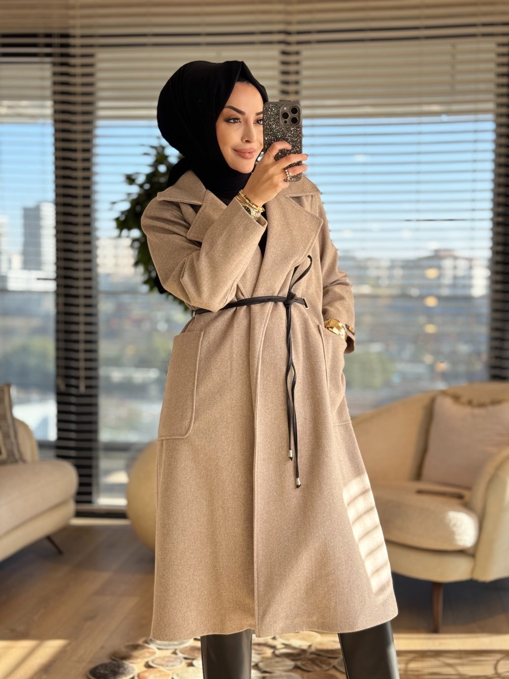 2189 Kaşe Deri Kemerli Uzun Kaban Bej
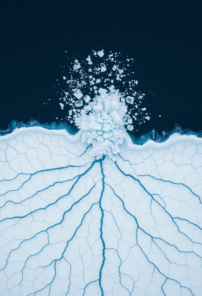 This striking aerial perspective captures a dynamic interplay between ice and water. The foreground is dominated by a textured expanse of what appears to be a glacial surface or a vast sheet of ice, characterized by intricate, almost woven patterns of blue lines and cracks against a white backdrop. These lines create a sense of depth and movement, suggesting the immense pressures and forces that shape these frozen landscapes. Above this icy foundation, a dramatic burst of fragmented ice and water erupts from the center, reminiscent of an explosion or a powerful gush. The darker blue background, likely deep water, provides a stark contrast, highlighting the bright, scattered pieces of ice that fan out from the central disturbance. The overall impression is one of raw natural power and the captivating beauty of polar environments. The image evokes feelings of both awe and the fragile grandeur of our planet's icy regions.features asymmetrical cuts and high-tech elements like embedded LEDs that pulse softly
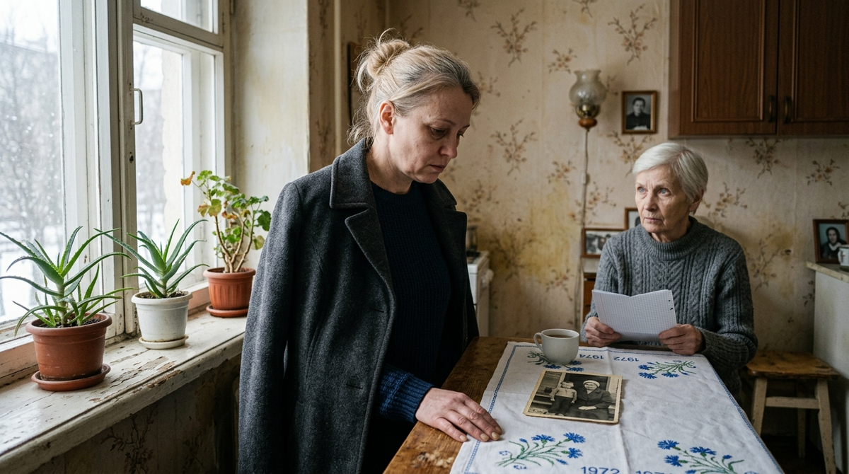 Дверь закрылась тихо. Антонина осталась за столом. Перед ней – фотография, лист с цифрами и скатерть с двумя датами по краю. Она посмотрела на первую дату внимательнее, чем за всю свою пятидесятидвухлетнюю жизнь.
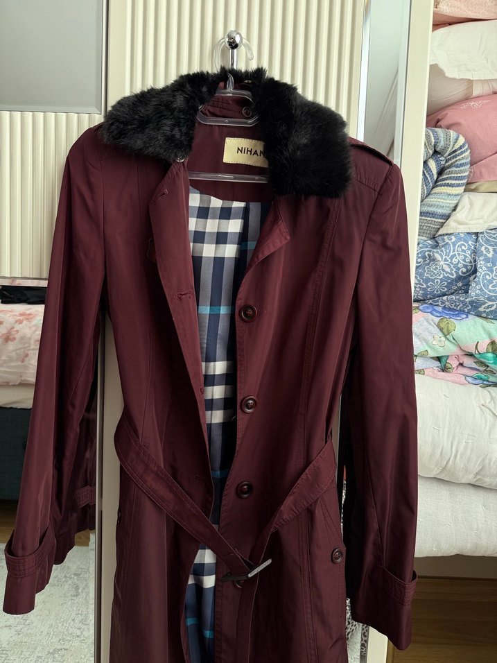 Bordo renkli kadın trençkot, kürklü yakası ve kesik yakasıyla dikkat çeker. Sentetik kumaştan, midi boy ve regular fit olup uzun kolludur. İş ve sokak stiline uygundur.

■ WHAT YOU HAVE TO DO: Leave out the pictures and output the rest of the material exactly as written.

■ EXERCISE ANSWER:
 2189 Kaşe Deri Kemerli Uzun Kaban Bej
 This striking aerial perspective captures a dynamic interplay between ice and water. The foreground is dominated by a textured expanse of what appears to be a glacial surface or a vast sheet of ice, characterized by intricate, almost woven patterns of blue lines and cracks against a white backdrop. These lines create a sense of depth and movement, suggesting the immense pressures and forces that shape these frozen landscapes. Above this icy foundation, a dramatic burst of fragmented ice and water erupts from the center, reminiscent of an explosion or a powerful gush. The darker blue background, likely deep water, provides a stark contrast, highlighting the bright, scattered pieces of ice that fan out from the central disturbance. The overall impression is one of raw natural power and the captivating beauty of polar environments. The image evokes feelings of both awe and the fragile grandeur of our planet's icy regions.features asymmetrical cuts and high-tech elements like embedded LEDs that pulse softly
 Дверь закрылась тихо. Антонина осталась за столом. Перед ней – фотография, лист с цифрами и скатерть с двумя датами по краю. Она посмотрела на первую дату внимательнее, чем за всю свою пятидесятидвухлетнюю жизнь.
 Bordo renkli kadın trençkot, kürklü yakası ve kesik yakasıyla dikkat çeker. Sentetik kumaştan, midi boy ve regular fit olup uzun kolludur. İş ve sokak stiline uygundur.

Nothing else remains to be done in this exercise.